I can't remember the source, but within the last two weeks I saw online that one of the most recently passed laws (not the one that suspends habeas corpus, but another one) effectively eviscerates posse comitatus.
Oh, and on a differen subject, RawStory has posted a link to a news article indicating a 1999 Pentagon war game concluded that even with 400,000 troops a successful outcome in Iraq was by no means certain.
- oddjob
"The Dark Wraith wonders if his truck can withstand mortar fire as he high-tails it down the road to Arizona."
Ask some of those students of yours who have done tours in Iraq how they "armored" their vehicles--when it became apparent that the vehicles they had been issued, and the G.I.s within them were highly susceptible to damage from roadside bombs, bullets, and the like because of inadequate plating. I recall reading how junked vehicles were scavenged for pieces of steel, which were "installed" for greater protection. One G.I. reported that 3/4" plywood wasn't worth a shit; it would slow a bullet or piece of shrapnel down, but in that case whoever got hit would probably bleed to death instead of dying instantly.

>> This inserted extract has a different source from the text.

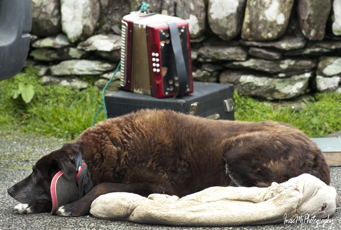 Before I open my mouth to ask for a photograph, the man retires to his van and unwraps a sandwich. I don’t wait for him to return, and take a picture of his dog and his accordion.

Good evening, Peter of Lone Tree.
Now, there's an interesting subject: shell velocity.
People might think that the faster a bullet or larger calibre shell travels, the better.
Not so. A small shell that travels too fast will go into an armored vehicle and leave somewhere on the other side of that vehicle (there will be some degree of deflection, sort of like how a light beam is refracted as it passes through water). But a round that goes straight through the target isn't going to be all that likely to do much damage, at least not nearly as much as a round that hits the vehicle at a speed sufficient to penetrate the armor—a process that will slow it down, of course—but insufficient to exit. What happens in that case is that the round, still with hellacious speed from a rather absolute perspective, will literally "rattle around" inside, ricocheting off the interior walls dozens of times, destroying machinery and people inside.
Nasty stuff. Of course, we're the ones who are the experts in designing the weaponry that accomplishes such desirable results.
The bottom line for soldiers in Iraq trying to avoid death by IEDs is that sometimes insufficient armor is worse than no armor at all. It's a tough call, though: it depends upon the likelihood of incendiary versus shrapnel damage being the greatest danger. It also depends upon where the device detonates relative to its target.
One thing's for sure. The Americans are having to deal with a constantly evolving, constantly innovating insurgency. To the credit of the military, daily field reports on the latest tricks by the insurgents get pumped through the chain of command and then very quickly get incorporated into adaptive defensive and offensive tactics by and for our troops. It's quite a bit better than in the bad old days where guerrillas would get new tricks in their bags and soldiers wouldn't have a clue about them until it was too late for a few guys in the field.
Of course, it would be better if we'd never invaded Iraq to begin with. We wouldn't be having this conversation, and we wouldn't be worrying about armoring up our troops so a few less get killed in a bloody war of attrition.
That would be nice all the way around.
Then again, that's not how it worked out, so now we have to do whatever we can to ensure that, in some way or another, George W. Bush and Richard V. Cheney pay dearly for what they have done.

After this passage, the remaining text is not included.